I can't talk for all "weirdos", but let me tell you about my personal fears.

I fear that I will have to give up my intellectual honesty. I fear that I will have to start caring about politics (which I consider waste of time and something that shows the worst parts of our nature). I fear that I will have to start playing signalling games. I fear that I will have to censor my words and my thoughts, so that I don't express an opinion that is unpopular this week (winds on the Internet change fast). I fear that I will have to accept and participate in absurdity and irrationality I try so hard to stay away from.

I'm a very open, tolerant and accepting person. Just like every other "weird nerd" I know.

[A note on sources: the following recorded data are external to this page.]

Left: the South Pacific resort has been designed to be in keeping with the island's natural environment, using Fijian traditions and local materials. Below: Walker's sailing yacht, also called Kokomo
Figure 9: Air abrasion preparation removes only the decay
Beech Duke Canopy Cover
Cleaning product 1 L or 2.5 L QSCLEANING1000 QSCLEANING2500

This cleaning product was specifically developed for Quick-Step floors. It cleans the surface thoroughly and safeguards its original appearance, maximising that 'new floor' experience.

But the crowd that tries to overwhelm us is not open, not tolerant, despite waving the banner of "diversity" and "equality". I fear I won't be allowed to be a nice, honest, decent person with interest in technology anymore.

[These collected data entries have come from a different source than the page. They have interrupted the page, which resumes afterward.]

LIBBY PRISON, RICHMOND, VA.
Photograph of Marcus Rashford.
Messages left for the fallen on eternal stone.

What I hear you saying is you personally identify with what you perceive as intellectual honesty, what you perceive as rationality, and the freedom to say whatever you want without worrying whether listeners will like it.

The trouble with such identifications, though, is they can lead to logical errors that make your life a lot worse, by causing you to feel as though a question about your intellectual honesty, rationality, or empathy is in fact a personal attack. This happens entirely unconsciously, and repairing it can seriously suck.

I could go into the ways in which I eventually learned that challenges to my own intellectual honesty and rationality ended up strengthening them both once I stopped reacting to those challenges emotionally and started choosing to believe in the good will of the people making them. But that might just be tedious; instead I will say that in my own life, waving the banner for diversity and equality has come along with being happier, feeling more decent, and being more energetically invested in technology than I was before.


> The trouble with such identifications, though, is they can lead to logical errors that make your life a lot worse, by causing you to feel as though a question about your intellectual honesty, rationality, or empathy is in fact a personal attack. This happens entirely unconsciously, and repairing it can seriously suck.

I agree. Thanks for a reminder.

> But that might just be tedious; instead I will say that in my own life, waving the banner for diversity and equality has come along with being happier, feeling more decent, and being more energetically invested in technology than I was before.

I agree. I like diversity and equality. But diversity means allowing different groups to coexist, and to tolerate people with different opinions and outlooks on life. I don't see "weirdos" trying to impose their own worldview on everyone - on the contrary, it's them who are being forced to conform to the rest. That is not diversity.


What is the specific thing you feel you're being forced to do?